However, research shows that there is a hidden danger of privacy disclosure in the process of uploading the gradient to the server by the federal learning client: the attacker can reverse the data in the client local data set through the plaintext gradient. To address this problem, many scholars have proposed to apply a homomorphic encryption algorithm to encrypt gradient plaintext to protect the privacy of the federated learning client local data set. The federated learning privacy protection based on the homomorphic encryption algorithm is basically consistent with the traditional federated learning training steps, and only needs to send a polymerization gradient ciphertext to a client for decryption after the server completes polymerization, and the client uploads the decrypted plaintext gradient to the server for parameter updating.

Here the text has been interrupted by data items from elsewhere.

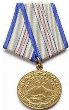
Медаль «За оборону Кавказа»
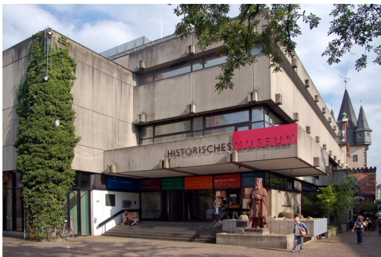
Slika 7. Frankfurtski povijesni muzej
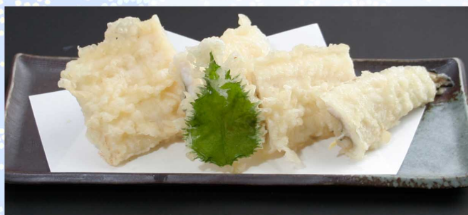
豪快あなご天ぶら…1,380円(税込1,518円)
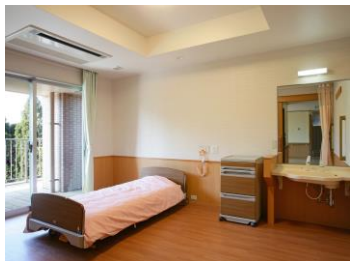
プライバシーを重視した 自由な生活空間です。

老人福祉の理念に基づき、入所者に対する敬愛の精神を忘れることなく、真の生活の場としての環境条件を整えるとともに、真心のこもった正しい処遇を行うことにつとめ社会性豊かなホーム作りを目指します。
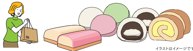
イラストはイメージです

自分を買うのは、もったいないけど、お友達の家にお呼ばれされたり、ちょっとした時の土産に喜んでいただけた品物をご紹介します。

The federated learning privacy protection method based on homomorphic encryption has the problems that in practical application, a client is usually deployed in a complex network environment with poor communication conditions and seriously uneven communication resources, so that the communication bandwidth of the client is low and the communication bandwidth difference between the clients is extremely large. In addition, compared with the plaintext gradient, the encryption gradient has the advantage that the requirement of communication bandwidth during uploading is at least doubled, and the decrypted aggregation gradient plaintext still needs to be uploaded to the server again, so that the communication load of the client is further increased, and the communication efficiency of federal learning is seriously reduced.

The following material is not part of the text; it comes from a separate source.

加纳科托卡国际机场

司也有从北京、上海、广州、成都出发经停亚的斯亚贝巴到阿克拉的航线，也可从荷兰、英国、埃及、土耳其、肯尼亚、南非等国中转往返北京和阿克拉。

The university of inner Mongolia discloses a federal learning privacy protection method based on homomorphic encryption in the patent document 'federal learning privacy protection method based on homomorphic encryption' (patent application number: 202110608465.5, application publication number: CN 113434873A). According to the method, after the client calculates the gradient locally in each round of federal study, the noise is added by using the random gradient decrease of differential privacy, the disturbed gradient is encrypted according to a homomorphic encryption mechanism, and the disturbed gradient is sent to a server. And the server generates new ciphertext parameters according to all the received ciphertext gradients and sends the new ciphertext parameters to the client, and finally the client decrypts and updates the model according to the obtained ciphertext parameters. The method has the disadvantages that the client is required to transmit all encryption gradients to the server, so that an overweight communication load is brought to the client, and the communication efficiency is low. For example, using ResNet-9 as a training network in practice, the total traffic load for a single client upload of encryption gradients at a time is above 50 MB. In addition, by applying the method, part of the clients which can not finish encryption gradient transmission in the window time can not participate in federal learning privacy protection, and the applicable range of federal learning is compressed.

Disclosure of Invention

The invention aims to overcome the defects in the prior art, and provides a self-adaptive sampling federal learning privacy protection method based on threshold homomorphism, which is used for solving the technical problem that the communication load of a client is too heavy in the prior art.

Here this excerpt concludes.